* Your goal
Take from the entries below the stretch from the line with "Govt. of NCT" through the line with "中共中央對外宣傳辦公室、國務", and return it exactly, leaving the pictures out.

Source records START

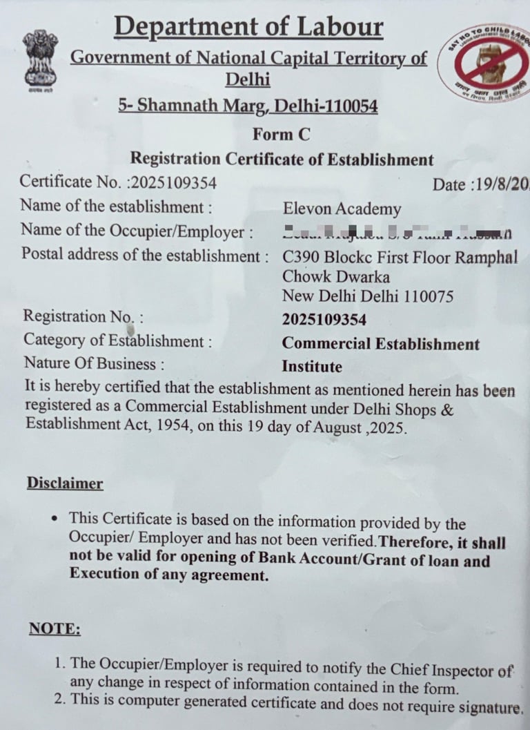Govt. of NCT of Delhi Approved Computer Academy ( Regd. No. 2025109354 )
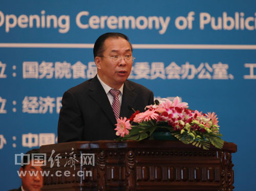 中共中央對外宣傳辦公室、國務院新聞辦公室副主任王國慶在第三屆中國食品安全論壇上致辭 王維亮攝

Source records END
Source records START

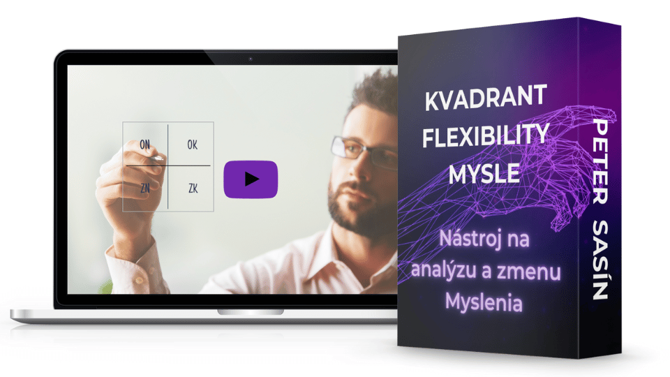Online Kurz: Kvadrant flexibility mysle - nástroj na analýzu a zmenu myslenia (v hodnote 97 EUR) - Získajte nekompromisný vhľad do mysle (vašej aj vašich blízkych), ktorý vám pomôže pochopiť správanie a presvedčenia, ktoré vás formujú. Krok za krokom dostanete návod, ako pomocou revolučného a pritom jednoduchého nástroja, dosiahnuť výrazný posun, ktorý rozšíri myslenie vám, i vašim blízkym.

Source records END
Source records START

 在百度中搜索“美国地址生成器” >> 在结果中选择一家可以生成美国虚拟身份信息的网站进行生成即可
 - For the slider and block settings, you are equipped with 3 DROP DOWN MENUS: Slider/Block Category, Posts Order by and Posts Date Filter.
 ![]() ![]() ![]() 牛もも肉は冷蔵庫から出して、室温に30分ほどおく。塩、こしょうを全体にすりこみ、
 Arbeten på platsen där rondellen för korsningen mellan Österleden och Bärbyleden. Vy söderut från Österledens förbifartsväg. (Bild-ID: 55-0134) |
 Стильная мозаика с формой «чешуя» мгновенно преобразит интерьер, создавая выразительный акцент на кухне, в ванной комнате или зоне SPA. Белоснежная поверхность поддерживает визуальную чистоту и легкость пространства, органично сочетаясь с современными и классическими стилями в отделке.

Source records END

* Solution to this task
Govt. of NCT of Delhi Approved Computer Academy ( Regd. No. 2025109354 )
 中共中央對外宣傳辦公室、國務院新聞辦公室副主任王國慶在第三屆中國食品安全論壇上致辭 王維亮攝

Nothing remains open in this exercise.